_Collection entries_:

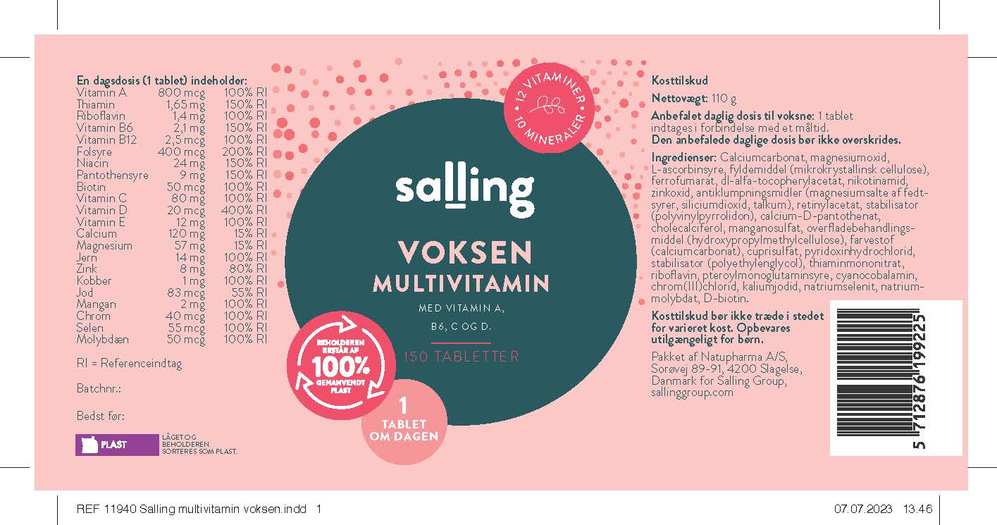 | Ingredienser | Calciumcarbonat, magnesiumoxid, L-ascorbinsyre, fyldemiddel (mikrokrystallinsk cellulose), ferrofumarat, dl-alfa-tocopherylacetat, nikotinamid, zinkoxid, antiklumpningsmidler (magnesiumsalte af fedt-syrer, siliciumdioxid, talkum), retinylacetat, stabilisator (polyvinylpyrrolidon), calcium-D-pantothenat, cholecalciferol, manganosulfat, overfladebehandlings-middel (hydroxypropylmethylcellulose), farvestof (calciumcarbonat), cuprisulfat, pyridoxinhydrochlorid, stabilisator (polyethylenglycol), thiaminmononitrat, riboflavin, pteroylmonoglutaminsyre, cyanocobalamin, chrom(III)chlorid, kaliumjodid, natriumselenit, natriummolybdat, D-biotin. |
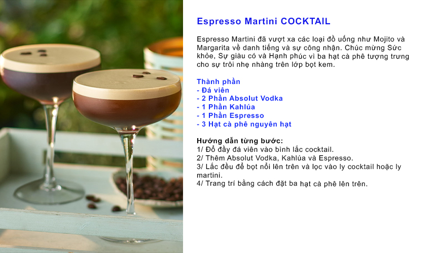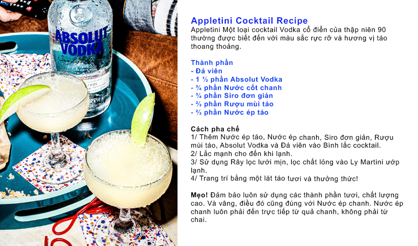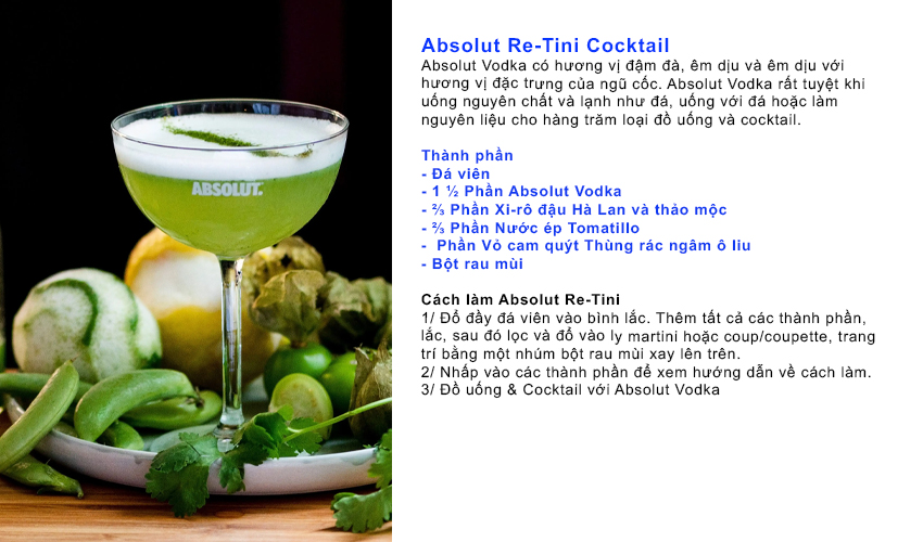 Absolut Re-Tini Cocktail Từ những thức uống đơn giản chỉ gồm hai thành phần đến hỗn hợp phức tạp của các loại thảo mộc, trái cây, gia vị và nhiều thứ khác, có rất nhiều cách để pha chế một loại cocktail ngon với rượu vodka. Dưới đây, chúng tôi sẽ chia sẻ các công thức pha chế cocktail rượu vodka yêu thích của chúng tôi mà bạn có thể dễ dàng thực hiện tại nhà. Thành phần Cách làm Absolut Re-Tini Từ những thức uống đơn giản chỉ gồm hai thành phần đến hỗn hợp phức tạp của các loại thảo mộc, trái cây, gia vị và nhiều thứ khác, có rất nhiều cách để pha chế một loại cocktail ngon với rượu vodka. Dưới đây, chúng tôi sẽ chia sẻ các công thức pha chế cocktail rượu vodka yêu thích của chúng tôi mà bạn có thể dễ dàng thực hiện tại nhà. Chúng chắc chắn sẽ khiến bạn bè của bạn (và chính bạn nữa!) phải trầm trồ.
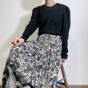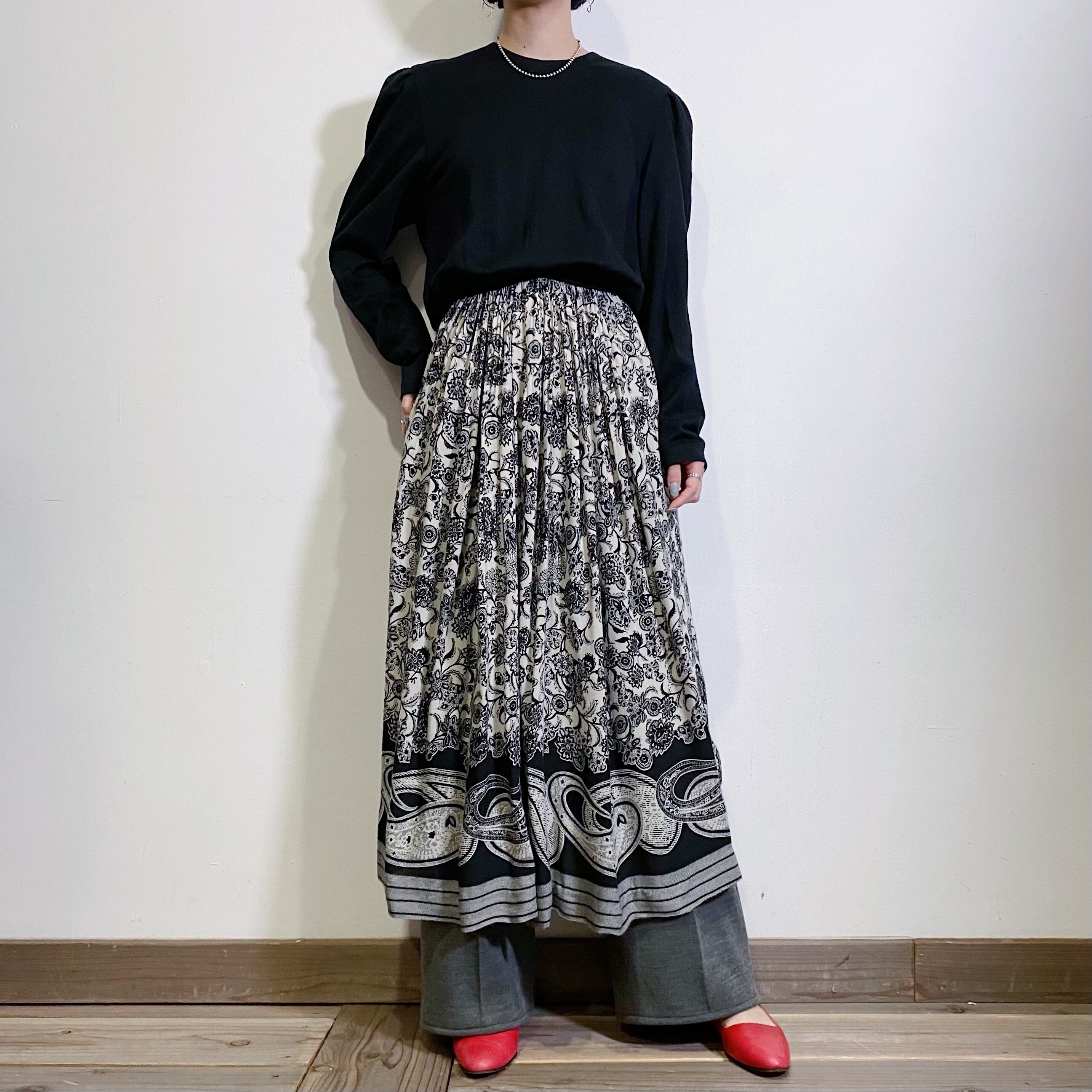 モノトーンカラーの花柄とペイズリー柄が大人可愛い、80年代のレーヨンワンピースです。
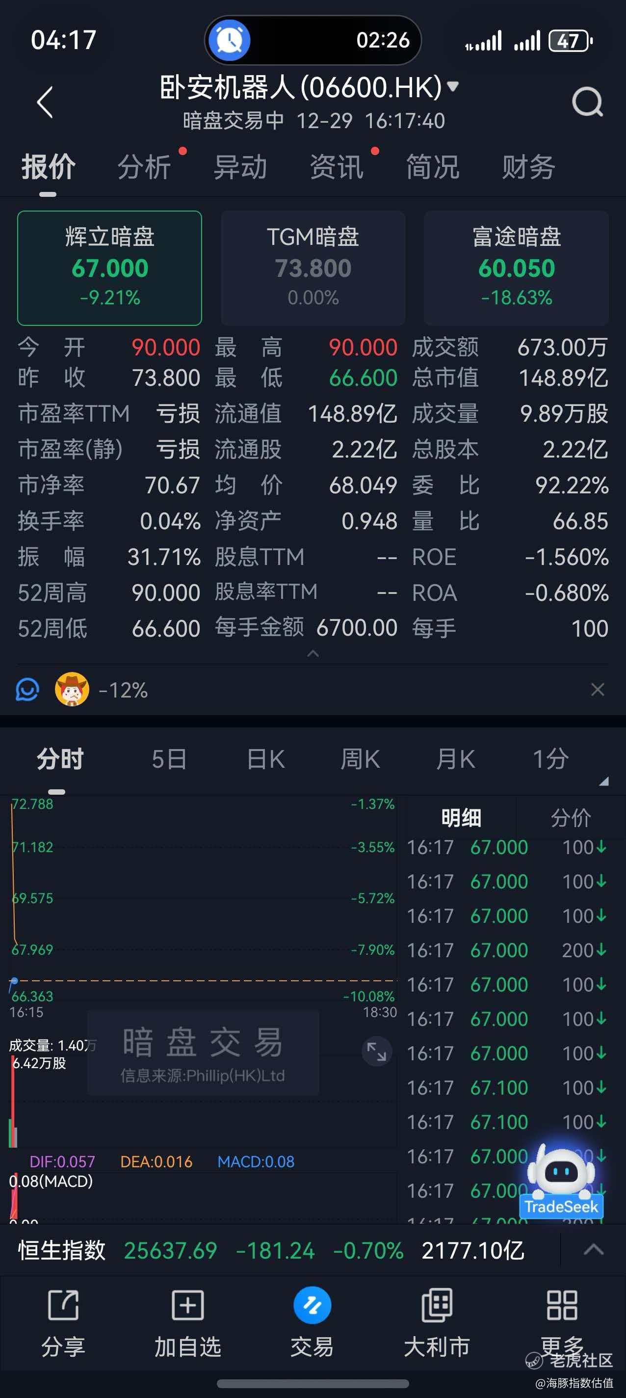 今天港股6只新股暗盘,很热闹。我打了其中3只,中了2只,卖的都不行。我中的是林清轩和窝安机器人,其中 $林清轩(02657)$ 确定性高一点。
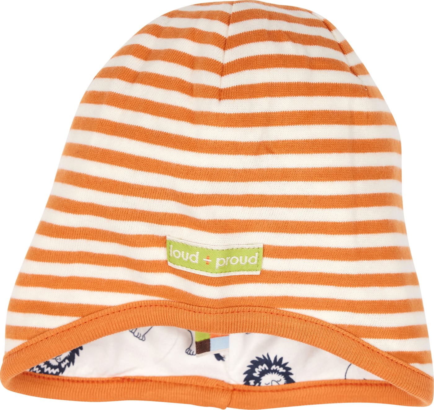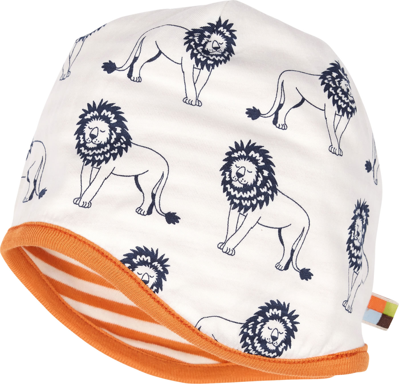 Double-layered reversible hat made of soft cotton jersey by LOUD + PROUD. Depending on your mood, you can wear the striped side or the side with the lions.

_INSTRUCTIONS FOR THE TASK_: The exact lines from the one containing "Absolut Re-Tini Cocktail" through the end of the data are to be copied, with both ends kept and pictures left out.

_OUTPUT FOR THIS EXERCISE_:
 Absolut Re-Tini Cocktail Từ những thức uống đơn giản chỉ gồm hai thành phần đến hỗn hợp phức tạp của các loại thảo mộc, trái cây, gia vị và nhiều thứ khác, có rất nhiều cách để pha chế một loại cocktail ngon với rượu vodka. Dưới đây, chúng tôi sẽ chia sẻ các công thức pha chế cocktail rượu vodka yêu thích của chúng tôi mà bạn có thể dễ dàng thực hiện tại nhà. Thành phần Cách làm Absolut Re-Tini Từ những thức uống đơn giản chỉ gồm hai thành phần đến hỗn hợp phức tạp của các loại thảo mộc, trái cây, gia vị và nhiều thứ khác, có rất nhiều cách để pha chế một loại cocktail ngon với rượu vodka. Dưới đây, chúng tôi sẽ chia sẻ các công thức pha chế cocktail rượu vodka yêu thích của chúng tôi mà bạn có thể dễ dàng thực hiện tại nhà. Chúng chắc chắn sẽ khiến bạn bè của bạn (và chính bạn nữa!) phải trầm trồ.
 モノトーンカラーの花柄とペイズリー柄が大人可愛い、80年代のレーヨンワンピースです。
 今天港股6只新股暗盘,很热闹。我打了其中3只,中了2只,卖的都不行。我中的是林清轩和窝安机器人,其中 $林清轩(02657)$ 确定性高一点。
 Double-layered reversible hat made of soft cotton jersey by LOUD + PROUD. Depending on your mood, you can wear the striped side or the side with the lions.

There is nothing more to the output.